[![Open In Colab](https://colab.research.google.com/assets/colab-badge.svg)](https://colab.research.google.com/github/abigailhaddad/fedscope_new/blob/main/reconciliation_analysis.ipynb)

# Federal Workforce Data: Do the Numbers Add Up?

OPM publishes two types of federal workforce data:

1. **Headcount snapshots** (Employment data): Monthly counts of how many people work at each agency
2. **Activity records** (Accessions & Separations): Records of people being hired and people leaving

**If the data were perfect, these should match:**
> Change in headcount = New hires − Departures

This notebook finds agencies where these two measures show different numbers. Some difference is expected since the datasets measure slightly different things — we're just flagging larger differences so you can take a closer look.

### Column guide

| Column | What it means |
|--------|---------------|
| `headcount_change` | How much the employee count changed (ending − starting) |
| `hires_minus_departures` | What the change would be based on hiring/leaving records |
| `headcount_says` | Growing or shrinking according to headcount? |
| `activity_says` | Growing or shrinking according to hires/departures? |
| `opposite_stories` | TRUE when headcount and activity point in opposite directions |

In [None]:
import duckdb
import ipywidgets as widgets
from IPython.display import display

HF_USERNAME = "abigailhaddad"

def parquet_url(data_type: str, month: str) -> str:
    """HuggingFace parquet URL for a dataset."""
    return f"hf://datasets/{HF_USERNAME}/opm-federal-{data_type}-{month}/data.parquet"

## Settings

Use these controls to adjust the analysis:

- **Window (months)**: How many months to look at together (e.g., 4 = compare Jan-Apr headcount change vs Jan-Apr hiring/leaving)
- **Threshold %**: Only flag agencies where the unexplained difference is more than X% of their workforce
- **Min employees**: Ignore tiny agencies with fewer than X employees (they can have big % swings from small changes)
- **Only show opposite stories**: Focus on the most suspicious cases — where headcount says "growing" but activity says "shrinking" (or vice versa)

In [None]:
MONTHS = ["202501", "202502", "202503", "202504", "202505", "202506", "202507", "202508", "202509"]

# Interactive controls
window_size_widget = widgets.IntSlider(value=4, min=2, max=6, step=1, description='Window (months):')
threshold_pct_widget = widgets.FloatSlider(value=20.0, min=5.0, max=50.0, step=5.0, description='Threshold %:')
min_employees_widget = widgets.IntSlider(value=0, min=0, max=1000, step=50, description='Min employees:')
mismatch_only_widget = widgets.Checkbox(value=False, description='Only show opposite stories')
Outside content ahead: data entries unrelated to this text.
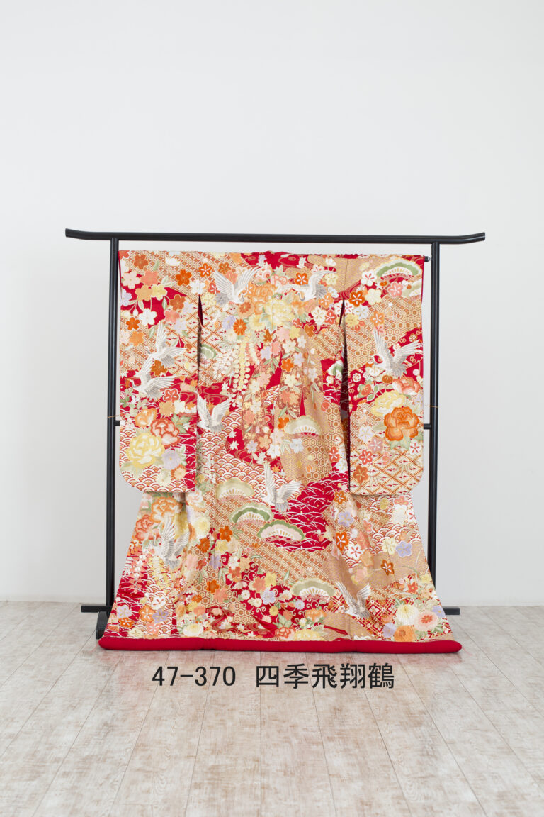 金糸の輝きと赤や橙のあたたかな色合いが調和し、晴れの日にふさわしい華やかさを演出します。
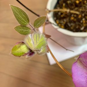 小さい方の蕾も少し開いてきました! 小さくて可愛い花が咲きそうです😂 葉っぱも緑になってきていて頑張っています☺︎
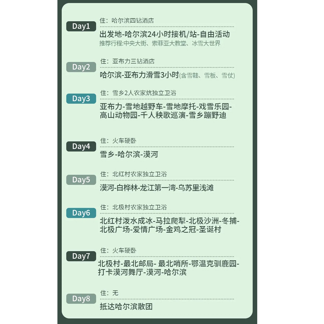 本线路专为兼顾差旅与休闲的旅客设计,从哈尔滨高效出发,无缝衔接雪乡、亚布力、漠河及北极村等核心冰雪目的地。行程安排紧凑合理,既满足商务人士对时间效率的需求,又充分融入东北冬季特色体验,如滑雪、温泉、驯鹿互动等,让差旅之余尽享北国风光,实现工作与度假的完美平衡。
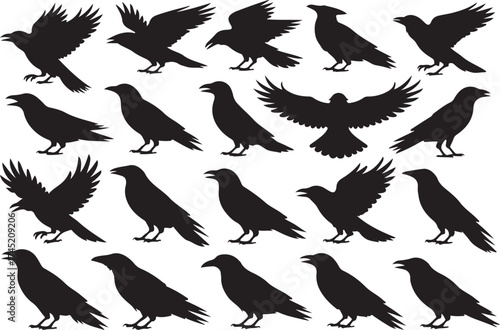 Obraz premium Collection of black bird silhouettes in various poses and flight actions
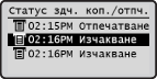 Показва текущия статус на избрания елемент. Екранът <Сттс.здч.копр./отпеч.> е показан по-долу като пример.
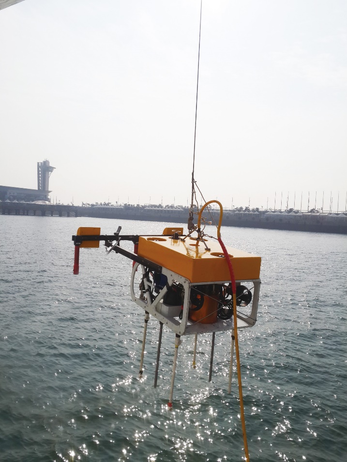 该海底管道检测机器人目前已应用于中海油海底管道电位非接触式检测中,搭载USBL超短基线定位系统、磁梯度传感器、高度计、姿态传感器、深度传感器、高清水下摄像机等传感器,系统自主沿海管行进,通过检测海管电位梯度异常情况判断管道腐蚀点。
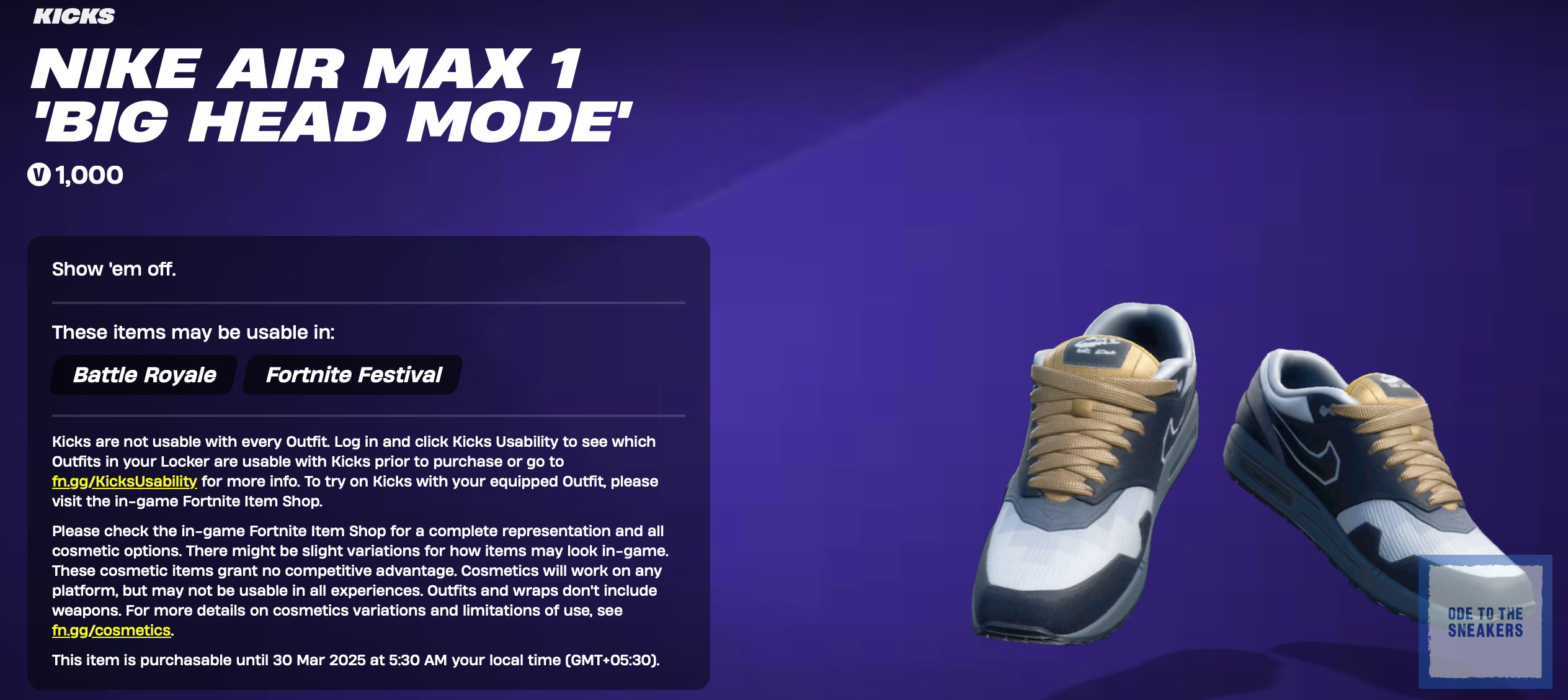 Nike Air Max 1 Big Head Mode is already available for purchase in Fortnite Item Shop and the physical sneaker version is expected to launched in Q2 Summer of 2025.
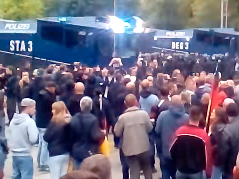 "Полиция задержала около 300 человек. По всей видимости, они пытались внедриться в группу сторонников партии "Альтернатива для Германии". Полиция предотвратила столкновение различных групп", - говорится в сообщении. Отмечается, что в ходе протестов произошли многочисленные столкновения с полицией.
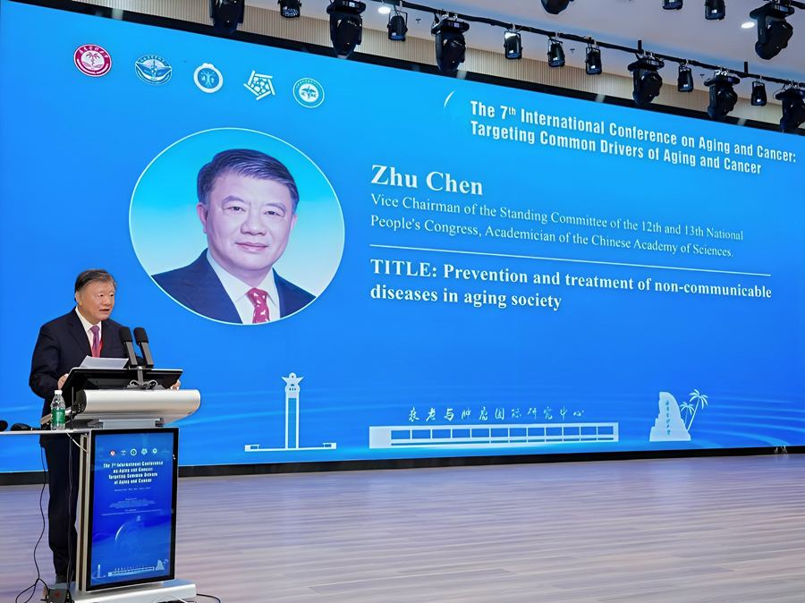 调研当日,陈竺院士在海南医科大学立言厅参加由海医与美国塞缪尔·魏克斯曼癌症研究基金会及上海交通大学医学院附属瑞金医院共同主办的第七届衰老与肿瘤国际学术会议,并以《老龄化社会的慢性非传染性疾病防控》为题作大会主旨报告。他指出,在人口快速老龄化的背景下,心脑血管疾病、癌症、糖尿病和慢性呼吸系统疾病等四大慢性非传染性疾病的防控形势依然严峻。我国正通过加强基础与临床研究、推动早筛早诊、完善分级诊疗、倡导健康生活方式等综合策略,力争在2030年前将四大慢病导致的过早死亡率较2015年水平降低30%,实现“健康中国2030”目标。
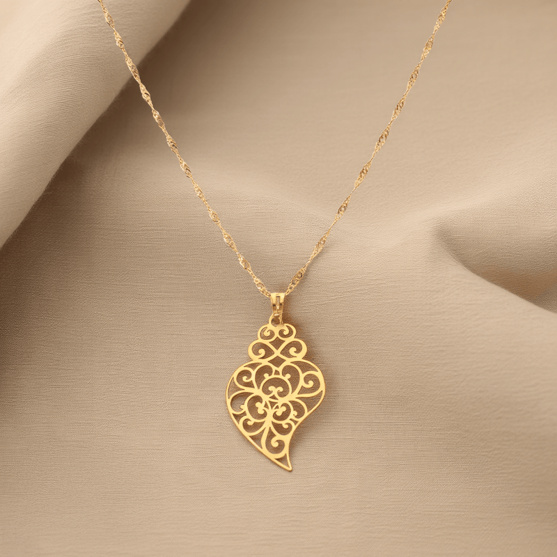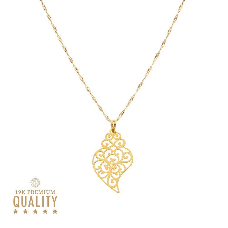 El Hilo de Malla Singapur en Oro 19k, adornado con la Medalla Corazón de Viana, es una sublime combinación de elegancia y tradición.
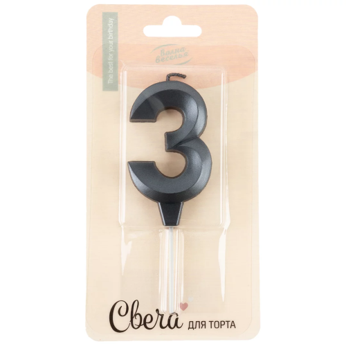 Свеча Цифра, 3 Грани, на шпажке, Мокрый асфальт, Металлик, 3,5*6,5 + 3,5 см, 1 шт. с держат., 3023
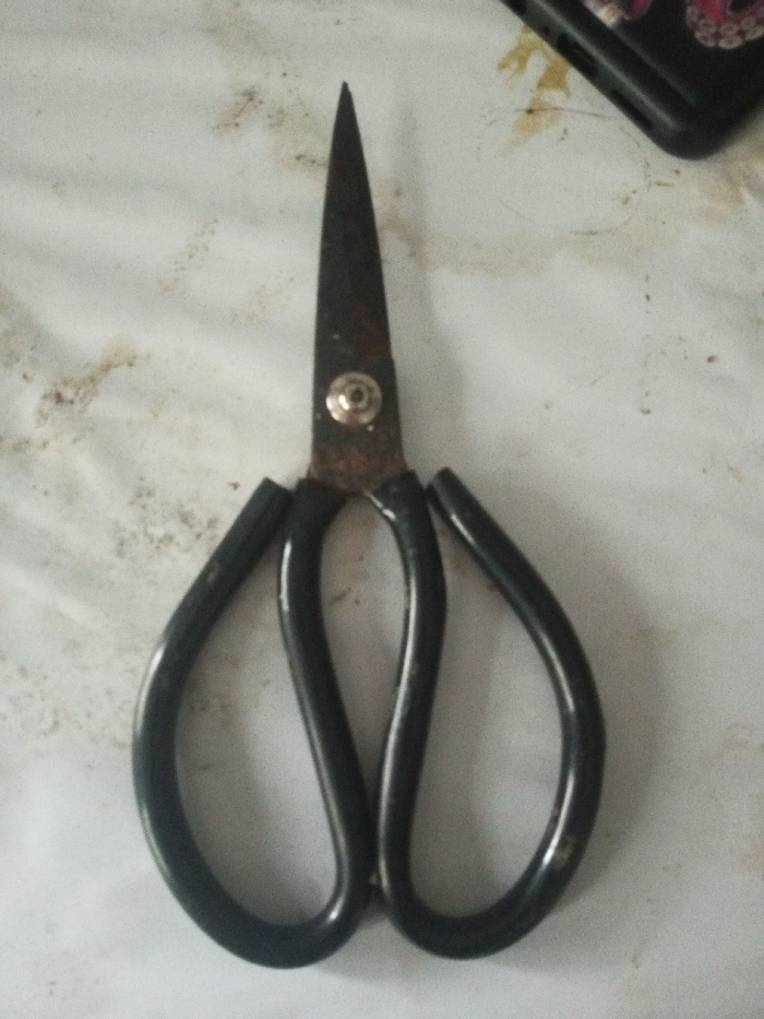 - "A pair of utility scissors, featuring dark, heavily rusted metal blades and black, worn handles, lies on a stained, light-colored surface in the city of Balapur, India" by FM-3mobU2, licensed under CC BY 4.0
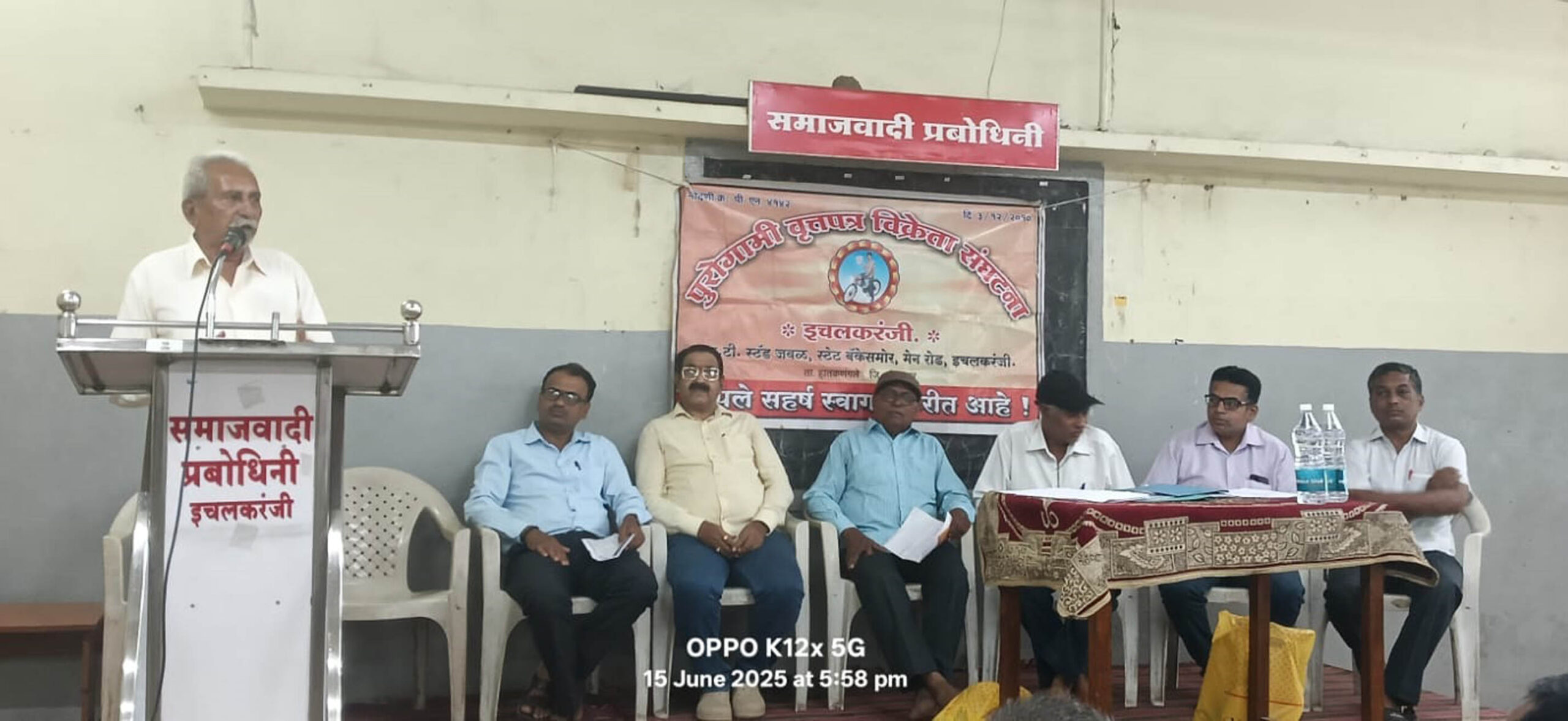 इचलकरंजी येथील पुरोगामी वृत्तपत्र विक्रेता संघटनेची वार्षिंक सर्वसाधरण सभा समाजवादी प्रबोधिनीच्या सभागृहात खेळीमेळीच्या वातावरणात संपन्न झाली सभेच्या अध्यक्षस्थानी शिवगोंडा खोत होते.
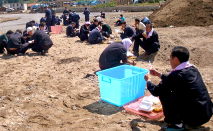 隆基志愿者在勞動(dòng)之余席地用餐
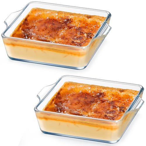 NUTRIUPS Set of 2 Mini Square Borosilicate Glass Baking Dishes, 0.4L 12x15x4cm Oven and Freezer Safe, Durable for Meal Prep, Baking and Ramekins
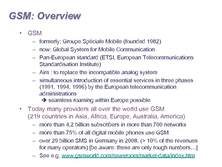 GSM: Overview • GSM – formerly: Groupe Spéciale Mobile (founded 1982) – now: Global System for Mobile Communication – Pan-European standard (ETSI, European Telecommunications Standardisation Institute) – Aim : to replace the incompatible analog system – simultaneous introduction of essential services in three phases (1991, 1994, 1996) by the European telecommunication administrations seamless roaming within Europe possible • Today many providers all over the world use GSM (219 countries in Asia, Africa, Europe, Australia, America) – more than 4, 2 billion subscribers in more than 700 networks – more than 75% of all digital mobile phones use GSM – over 29 billion SMS in Germany in 2008, (> 10% of the revenues for many operators) [be aware: these are only rough numbers…] – See e. g. www. gsmworld. com/newsroom/market-data/index. htm
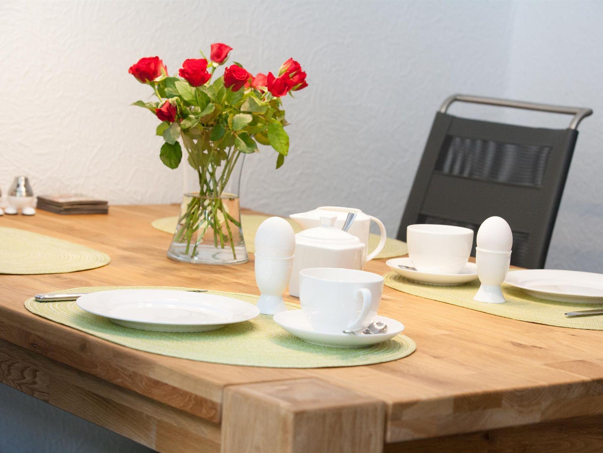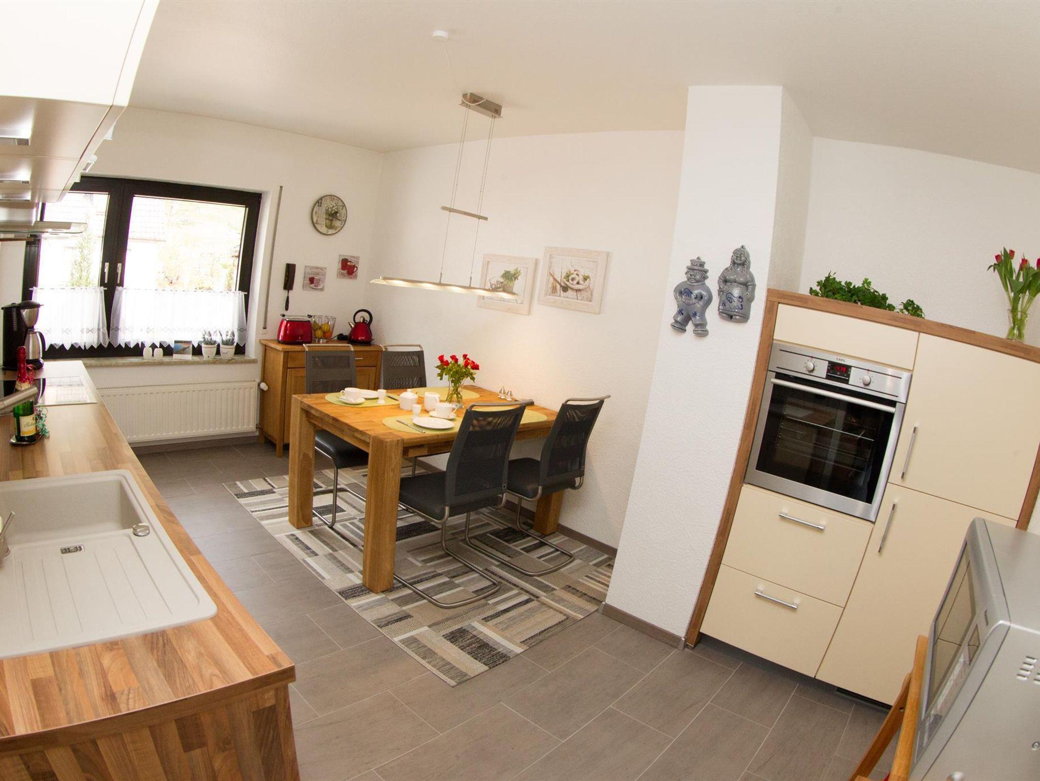 Voll ausgestattete Einbauküche mit allen wichtigen Geräten sowie einer Essgruppe für bis zu 4 Personen.

display(window_size_widget, threshold_pct_widget, min_employees_widget, mismatch_only_widget)

## Load Data

We load three datasets from HuggingFace (originally from [OPM FedScope](https://www.opm.gov/data/)):

- **Employment**: Monthly headcount snapshots — how many people work at each agency
- **Accessions**: New hires — people joining federal service  
- **Separations**: Departures — people leaving federal service (retirement, resignation, termination, etc.)

For accessions and separations, we filter by `personnel_action_effective_date_yyyymm` to use the actual date the action happened, not just when it was recorded.

In [None]:
def union_all_months(data_type: str, months: list[str]) -> str:
    """Generate SQL to UNION ALL parquet files for all months."""
    selects = [
        f"SELECT *, '{m}' as file_month FROM read_parquet('{parquet_url(data_type, m)}')"
        for m in months
    ]
    return " UNION ALL ".join(selects)


con = duckdb.connect()

# Load all data into views
con.execute(f"CREATE VIEW employment AS {union_all_months('employment', MONTHS)}")
con.execute(f"CREATE VIEW accessions AS {union_all_months('accessions', MONTHS)}")
con.execute(f"CREATE VIEW separations AS {union_all_months('separations', MONTHS)}")

print(f"Loaded {len(MONTHS)} months of data")

## How the Analysis Works

For each agency/subagency, we look at rolling time windows (e.g., Jan-Apr, Feb-May, Mar-Jun...) and calculate:

1. **What did the headcount data show?**  
   `headcount_change = ending_employees − starting_employees`

2. **What did the activity data show?**  
   `hires_minus_departures = total_hires − total_departures`

3. **What's the difference?**  
   `unexplained_diff = headcount_change − hires_minus_departures`

These datasets measure slightly different things, so some difference is normal. We're just flagging cases where the difference is larger than usual so you can take a closer look.

In [None]:
def get_windows(months: list[str], window_size: int) -> list[tuple[str, str]]:
    """Generate (start_month, end_month) tuples for rolling windows."""
    return [(months[i], months[i + window_size - 1]) 
            for i in range(len(months) - window_size + 1)]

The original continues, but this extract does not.